From the line with "Configurer les WebServices" to the line with "4月27日下午,南京大学环境学院谭睿鹏老师,在腾讯会议为星空官网师生带来《The Joint Impact", output every line below exactly, both ends included. Skip the pictures.

*** Opening DATASET RECORDS ***

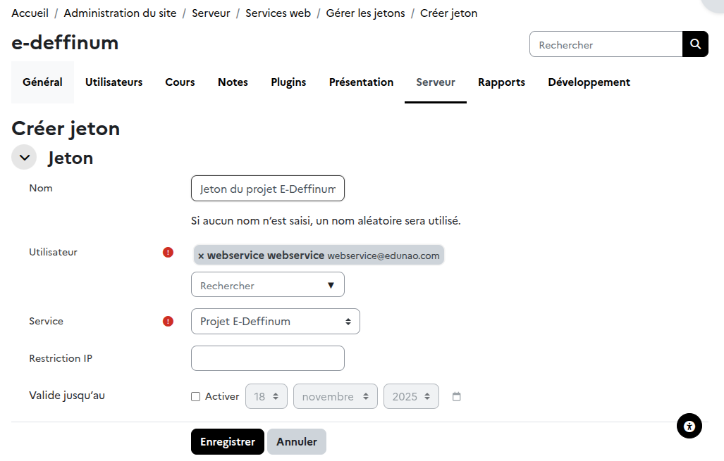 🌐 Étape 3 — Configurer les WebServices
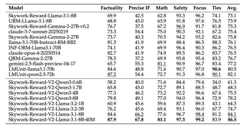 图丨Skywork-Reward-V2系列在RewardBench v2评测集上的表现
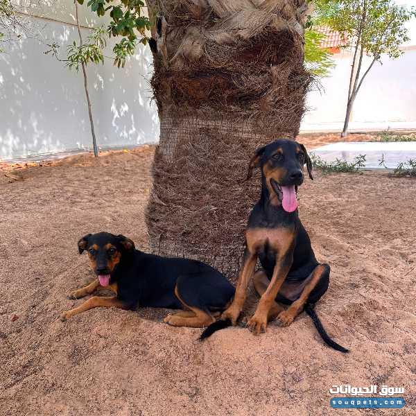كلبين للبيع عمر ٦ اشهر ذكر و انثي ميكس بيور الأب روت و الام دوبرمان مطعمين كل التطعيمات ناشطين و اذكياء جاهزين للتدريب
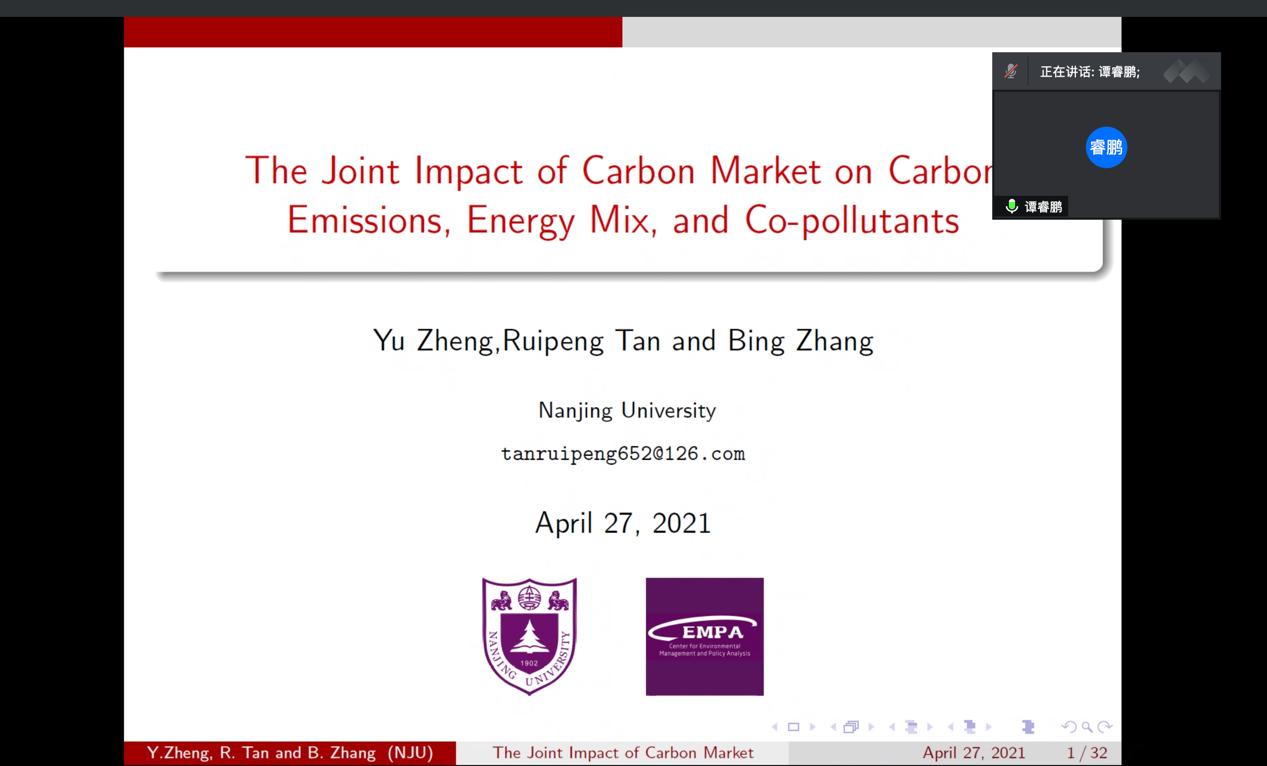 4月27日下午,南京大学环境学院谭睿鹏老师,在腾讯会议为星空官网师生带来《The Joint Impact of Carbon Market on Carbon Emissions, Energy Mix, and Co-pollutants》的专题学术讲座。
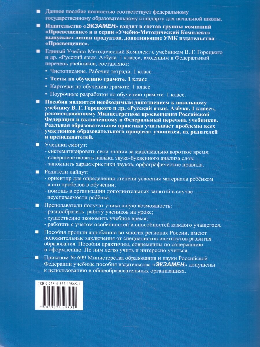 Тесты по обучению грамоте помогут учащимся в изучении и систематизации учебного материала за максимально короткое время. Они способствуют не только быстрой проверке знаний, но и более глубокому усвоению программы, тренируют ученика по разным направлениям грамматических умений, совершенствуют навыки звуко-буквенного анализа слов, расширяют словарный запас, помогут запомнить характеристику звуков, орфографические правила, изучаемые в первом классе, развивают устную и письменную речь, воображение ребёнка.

*** Closing DATASET RECORDS ***
*** Opening DATASET RECORDS ***

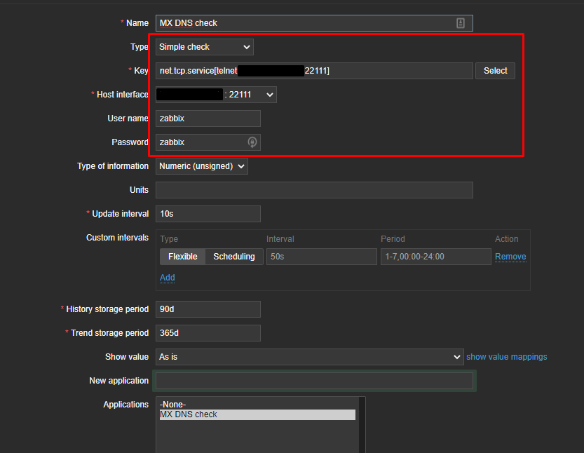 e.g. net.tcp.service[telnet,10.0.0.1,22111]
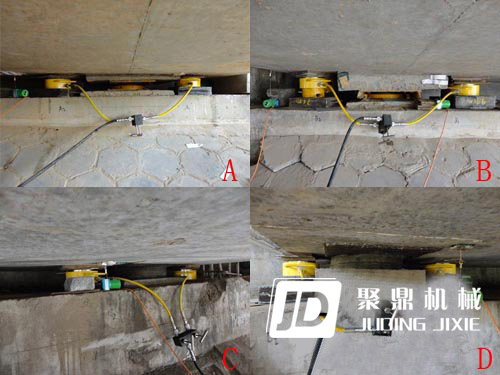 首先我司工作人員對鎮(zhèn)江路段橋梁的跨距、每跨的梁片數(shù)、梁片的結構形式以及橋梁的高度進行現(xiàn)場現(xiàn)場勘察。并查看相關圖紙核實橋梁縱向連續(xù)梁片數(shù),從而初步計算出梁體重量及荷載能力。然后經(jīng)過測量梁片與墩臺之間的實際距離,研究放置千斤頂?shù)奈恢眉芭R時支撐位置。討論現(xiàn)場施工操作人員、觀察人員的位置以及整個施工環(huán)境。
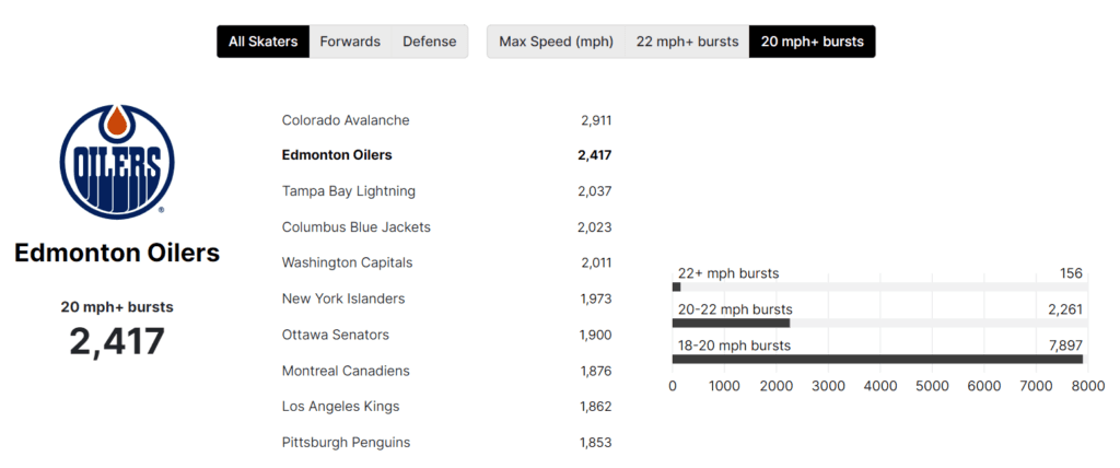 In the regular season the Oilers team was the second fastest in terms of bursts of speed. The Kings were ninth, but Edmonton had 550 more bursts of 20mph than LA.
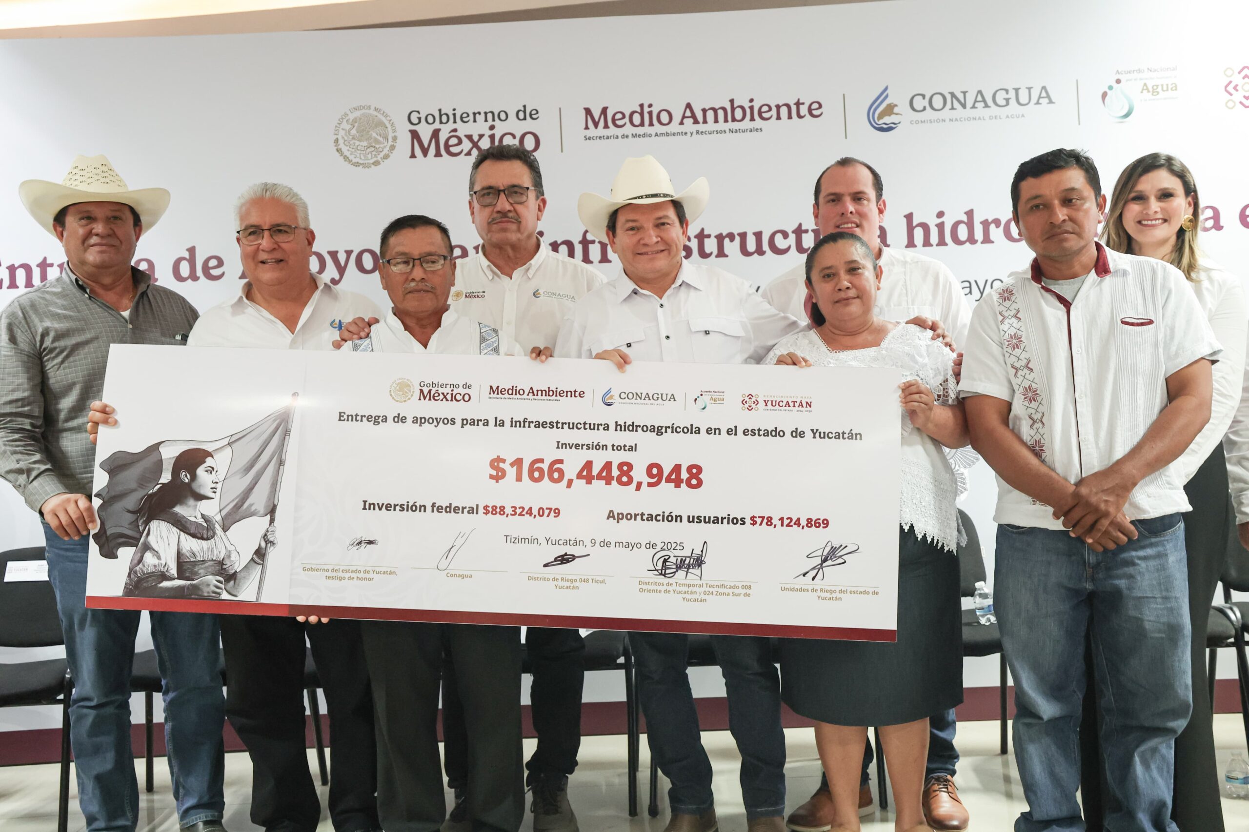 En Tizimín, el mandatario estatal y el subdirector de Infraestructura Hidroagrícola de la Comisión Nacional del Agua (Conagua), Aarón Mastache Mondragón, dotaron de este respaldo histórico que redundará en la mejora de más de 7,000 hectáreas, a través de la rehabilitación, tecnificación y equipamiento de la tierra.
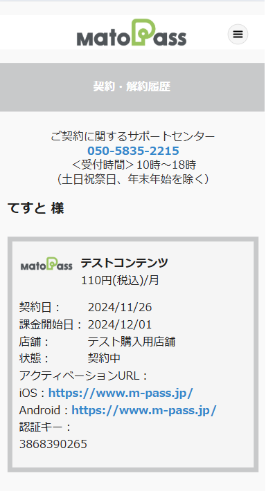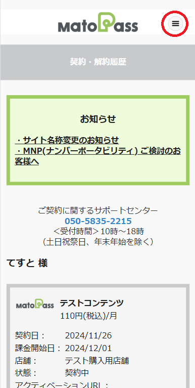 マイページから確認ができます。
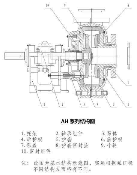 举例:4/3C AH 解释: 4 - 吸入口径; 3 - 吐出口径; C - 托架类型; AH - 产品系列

*** Closing DATASET RECORDS ***

» TASK ANSWER
 🌐 Étape 3 — Configurer les WebServices
 图丨Skywork-Reward-V2系列在RewardBench v2评测集上的表现
كلبين للبيع عمر ٦ اشهر ذكر و انثي ميكس بيور الأب روت و الام دوبرمان مطعمين كل التطعيمات ناشطين و اذكياء جاهزين للتدريب
 4月27日下午,南京大学环境学院谭睿鹏老师,在腾讯会议为星空官网师生带来《The Joint Impact of Carbon Market on Carbon Emissions, Energy Mix, and Co-pollutants》的专题学术讲座。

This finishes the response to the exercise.